Migration Notes

Glint 0.9.x to 1.0

Most of the changes in Glint 1.0 should appear as bugfixes and improvements to the majority of users migrating from 0.9.x.

The main change to be aware of is that @glint/template should now be explicitly added to your project's devDependencies when you upgrade Glint. Note also that support for include and exclude globs has been removed.

More details about these and other breaking changes are laid out below.

Minimum TypeScript Version

Glint 1.0 requires TypeScript 4.8 or greater, dropping support for 4.7.

@glint/template Peer

For Glint to work properly, there must be exactly one common copy of @glint/template present in your dependency hierarchy. This has been true throughout our 0.x releases, but as of 1.0 we're making that explicit by marking @glint/template as a peerDependency of our environment packages rather than a hard dependency.

Accordingly, you will need to add @glint/template to your project's own dependencies list alongside @glint/core and your environment package(s).

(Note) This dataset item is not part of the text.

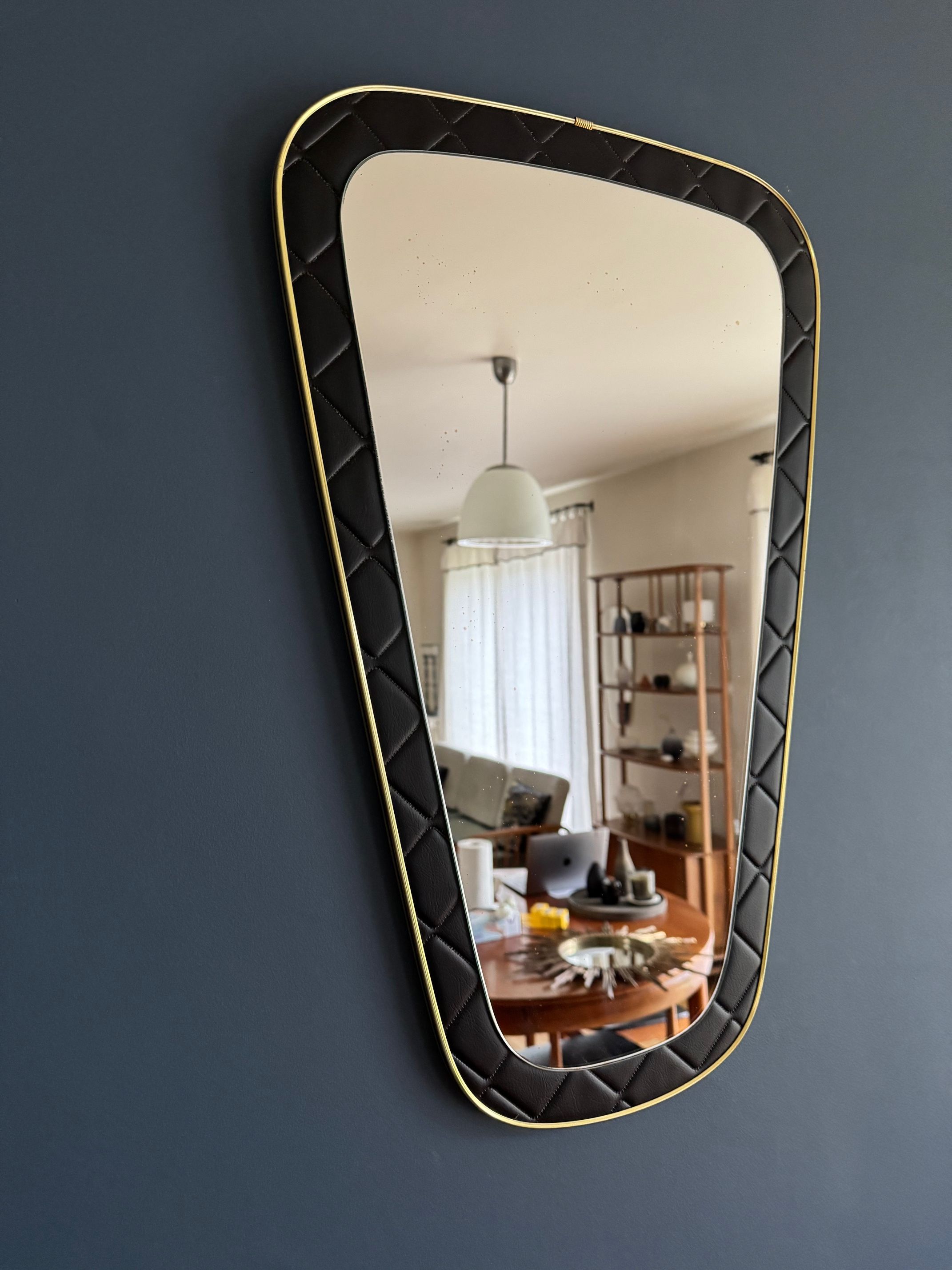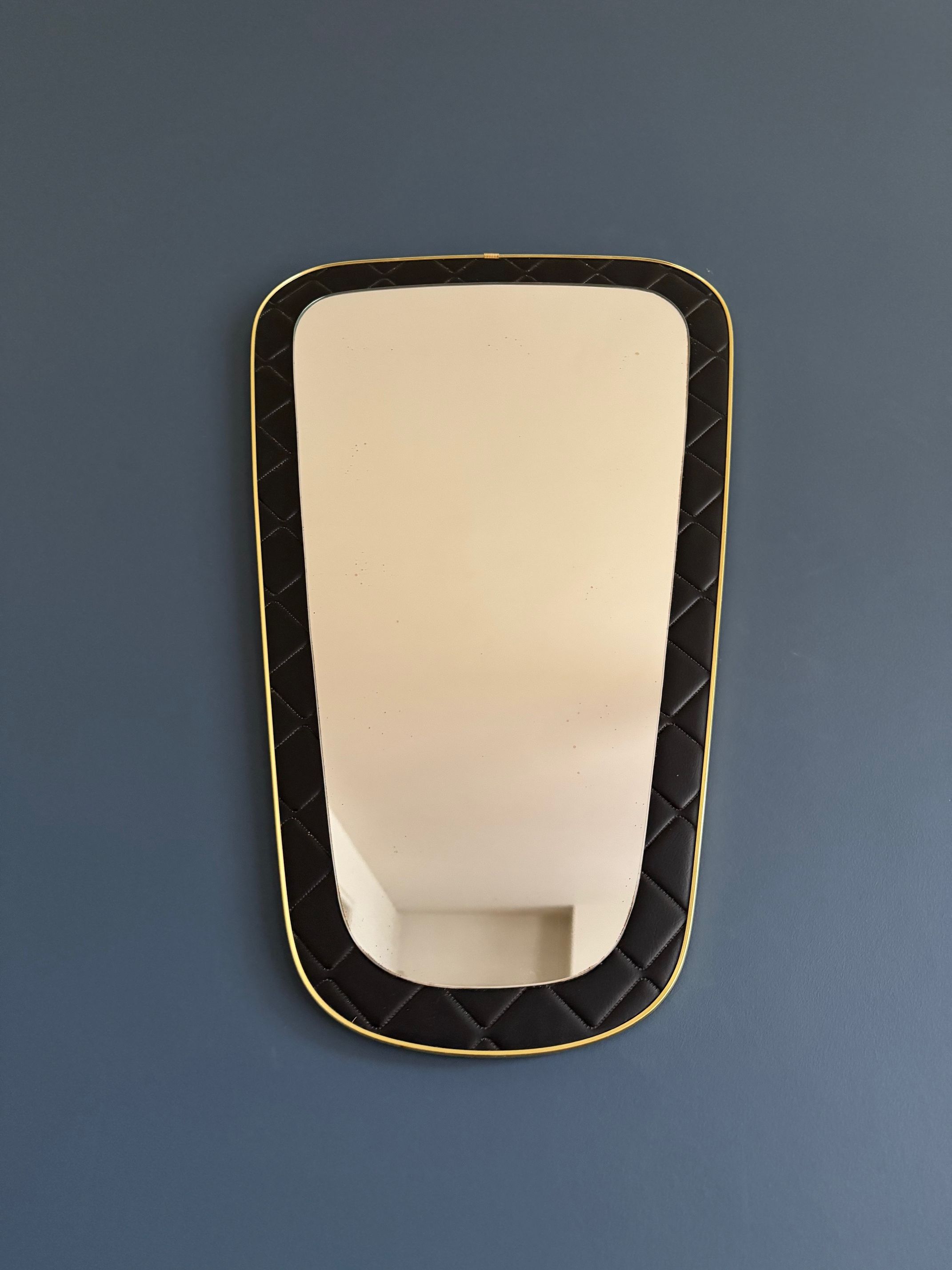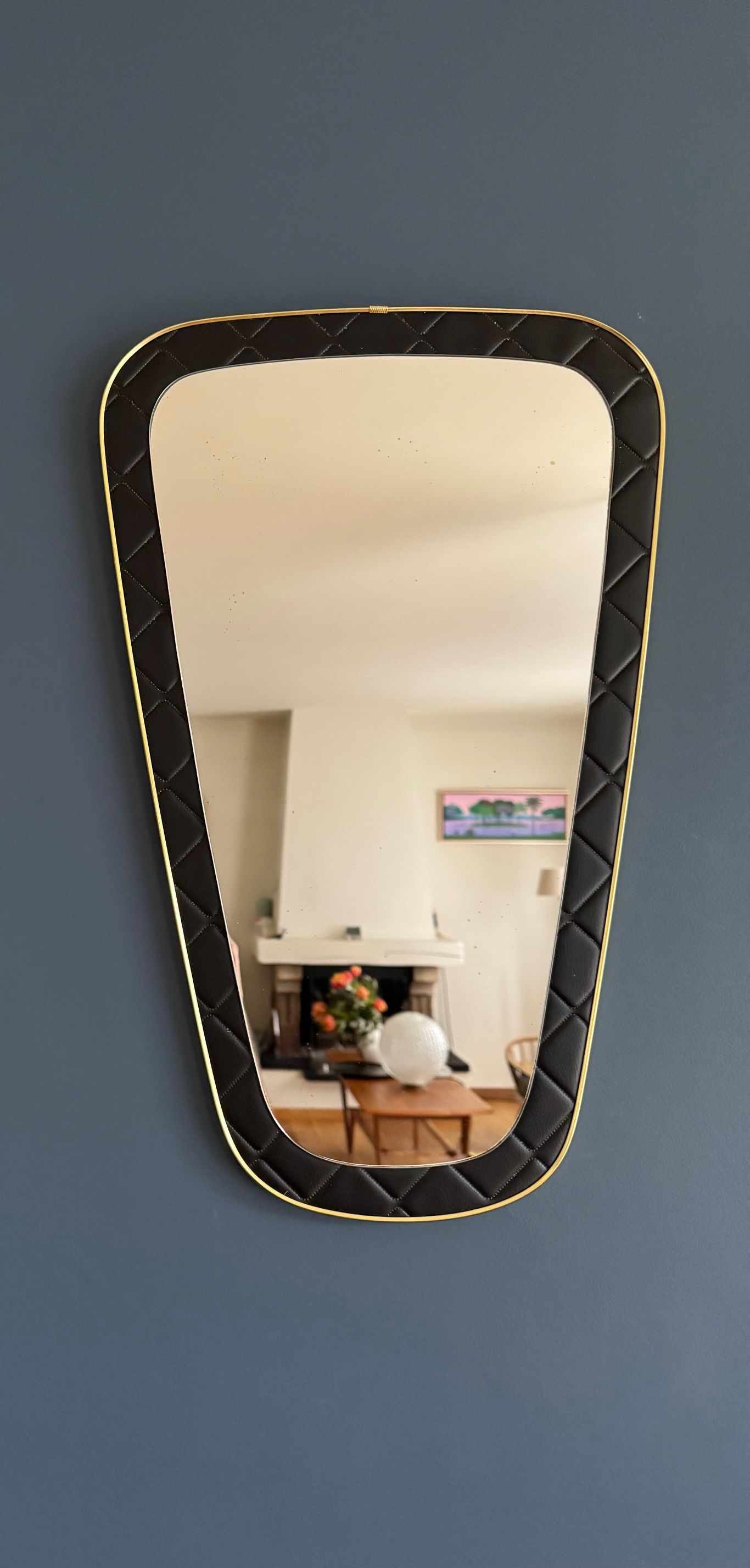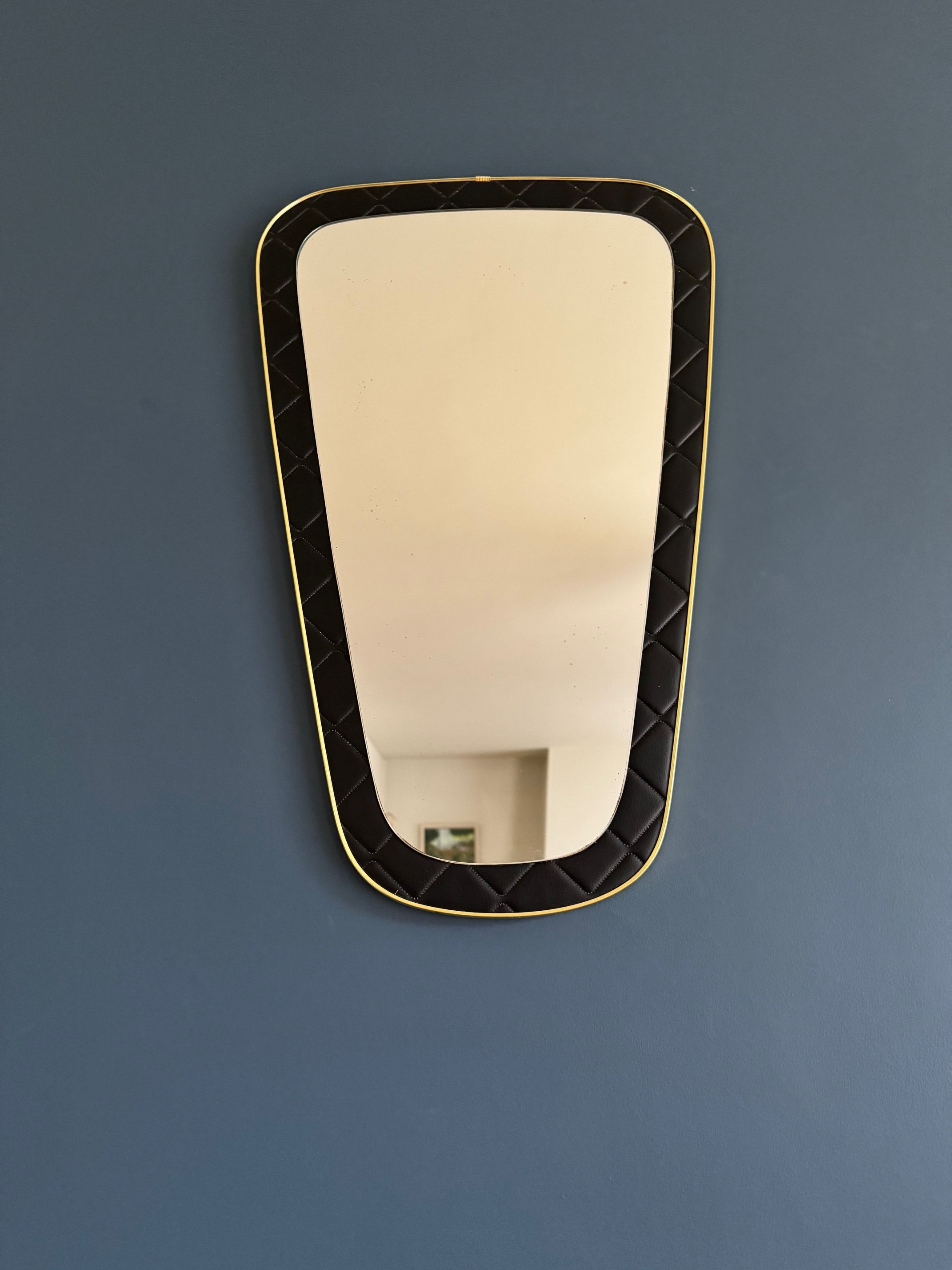Un miroir années 60 de forme dit "rétroviseur". Le cadre est en skaï noir d'inspiration Chesterfield.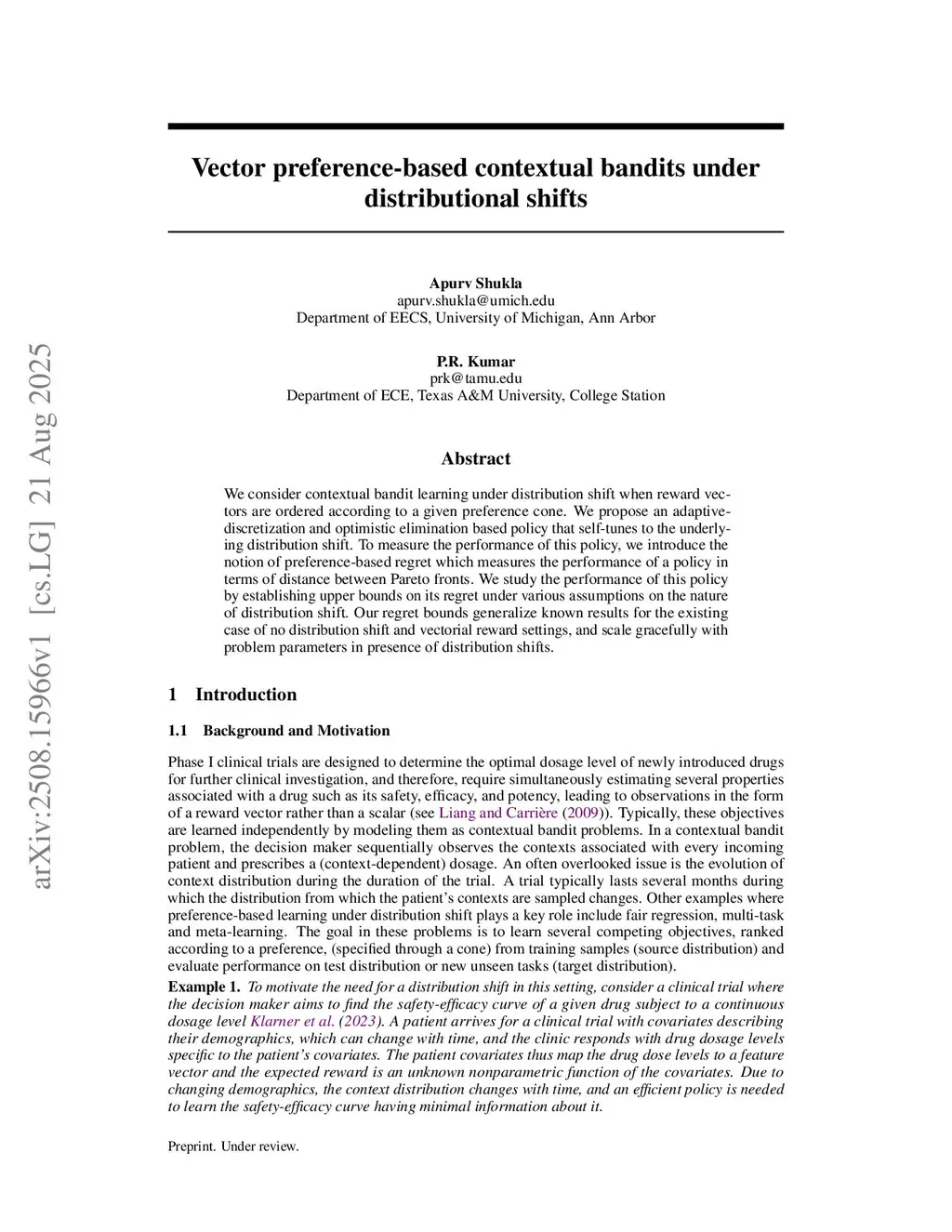 We consider contextual bandit learning under distribution shift when reward vectors are ordered according to a given preference cone. We propose an adaptive-discretization and optimistic elimination based policy that self-tunes to the underlying distribution shift. To measure the performance of this policy, we introduce the notion of preference-based regret which measures the performance of a policy in terms of distance between Pareto fronts. We study the performance of this policy by establishing upper bounds on its regret under various assumptions on the nature of distribution shift. Our regret bounds generalize known results for the existing case of no distribution shift and vectorial reward settings, and scale gracefully with problem parameters in presence of distribution shifts.

Note also that if you publish an addon that depends on types from @glint/template, that addon should likewise declare a peerDependency on @glint/template and not a regular dependency.

{{component}} Typing

In @glint/environment-ember-loose, if you used the {{component}} helper to expose a "contextual component" to your consumers without binding any additional arguments, e.g.:

{{yield (hash Child=(component "some-child-component"))}}

In 0.9.x, Glint would allow you to type that yielded component as something like:

export interface MyComponentSignature {
  Blocks: {
    default: [{ Child: typeof SomeChildComponent }];

However, this was never quite correct: when you use the {{component}} helper, the value it returns is not the actual component class itself. If SomeChildComponent had static members, for instance, then according to Child: typeof SomeChildComponent, consumers should be able to access those properties from the yielded Child value, but they wouldn't be there in the value returned from {{component}}.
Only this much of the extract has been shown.